- **REQUIRED WORK**: Find the line with "复古琥珀色C形耳环女2025新款轻奢高级感气质耳钉时尚百搭耳饰品" in the entries below, then output every line from it down to the line with "Year Round Mountain View AND", exactly and with no pictures.

- **DATASET RECORDS**:
☆ ☆ ☆

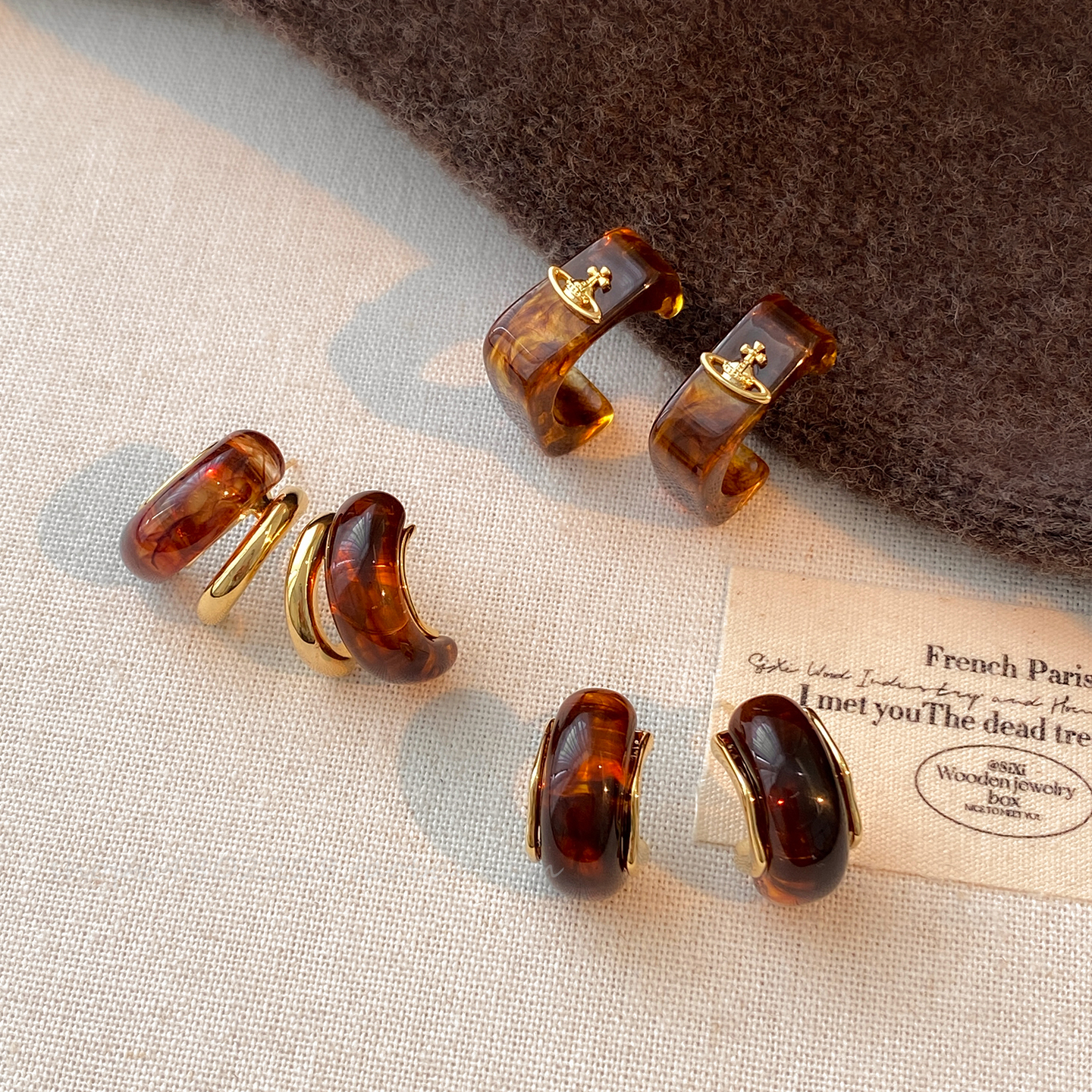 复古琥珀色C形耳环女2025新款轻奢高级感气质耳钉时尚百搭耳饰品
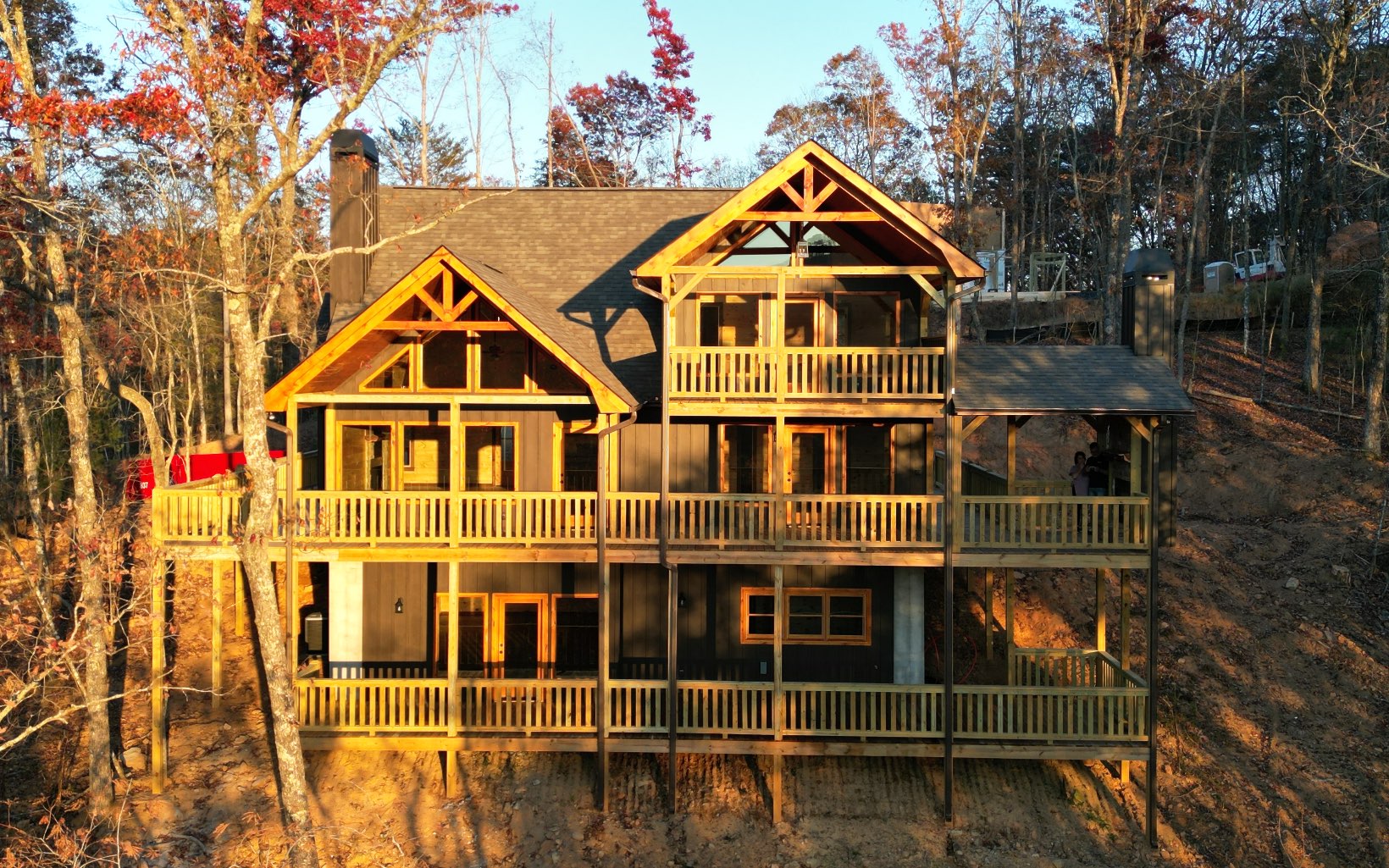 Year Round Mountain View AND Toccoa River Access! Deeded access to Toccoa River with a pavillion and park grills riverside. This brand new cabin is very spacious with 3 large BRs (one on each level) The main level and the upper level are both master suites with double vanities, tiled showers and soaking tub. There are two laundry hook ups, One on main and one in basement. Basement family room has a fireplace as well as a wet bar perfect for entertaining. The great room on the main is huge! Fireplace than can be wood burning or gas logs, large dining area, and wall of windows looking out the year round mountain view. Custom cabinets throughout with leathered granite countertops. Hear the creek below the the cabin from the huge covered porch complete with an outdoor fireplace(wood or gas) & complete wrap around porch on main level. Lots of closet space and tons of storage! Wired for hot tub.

☆ ☆ ☆

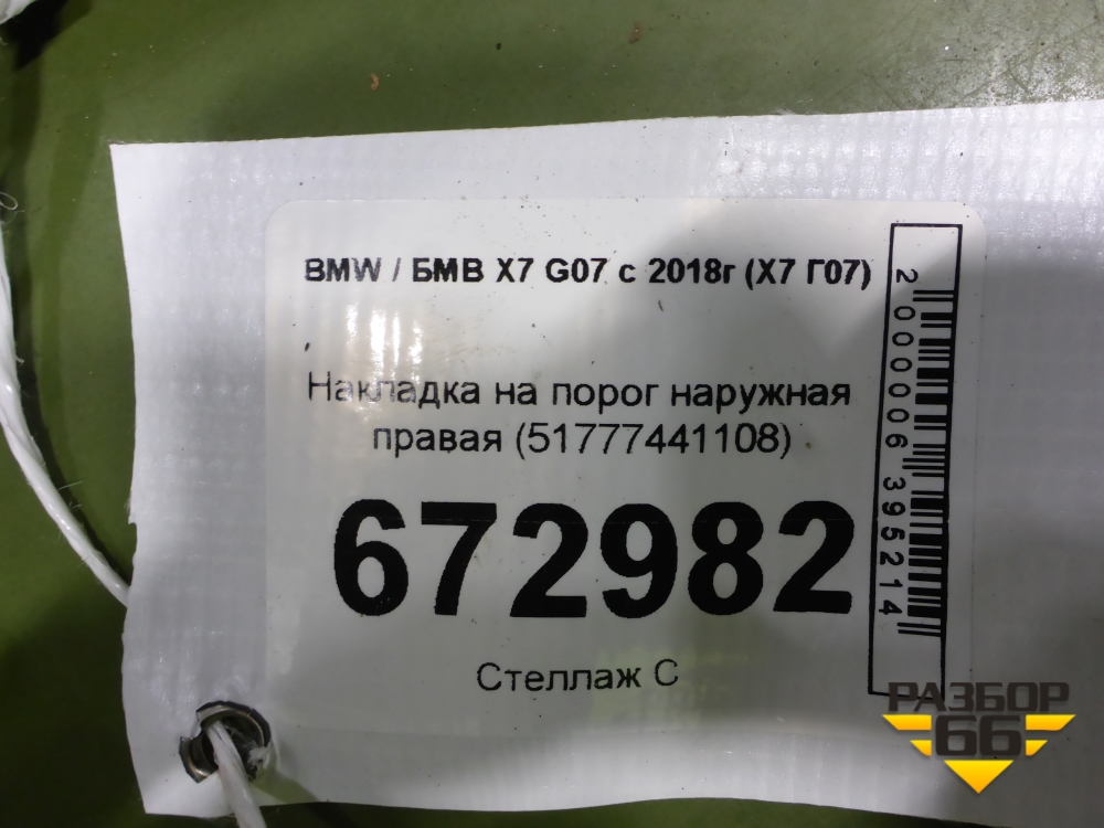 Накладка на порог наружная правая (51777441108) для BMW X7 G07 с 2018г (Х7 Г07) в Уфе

☆ ☆ ☆

- **OUTPUT FOR THIS TASK**:
 复古琥珀色C形耳环女2025新款轻奢高级感气质耳钉时尚百搭耳饰品
 Year Round Mountain View AND Toccoa River Access! Deeded access to Toccoa River with a pavillion and park grills riverside. This brand new cabin is very spacious with 3 large BRs (one on each level) The main level and the upper level are both master suites with double vanities, tiled showers and soaking tub. There are two laundry hook ups, One on main and one in basement. Basement family room has a fireplace as well as a wet bar perfect for entertaining. The great room on the main is huge! Fireplace than can be wood burning or gas logs, large dining area, and wall of windows looking out the year round mountain view. Custom cabinets throughout with leathered granite countertops. Hear the creek below the the cabin from the huge covered porch complete with an outdoor fireplace(wood or gas) & complete wrap around porch on main level. Lots of closet space and tons of storage! Wired for hot tub.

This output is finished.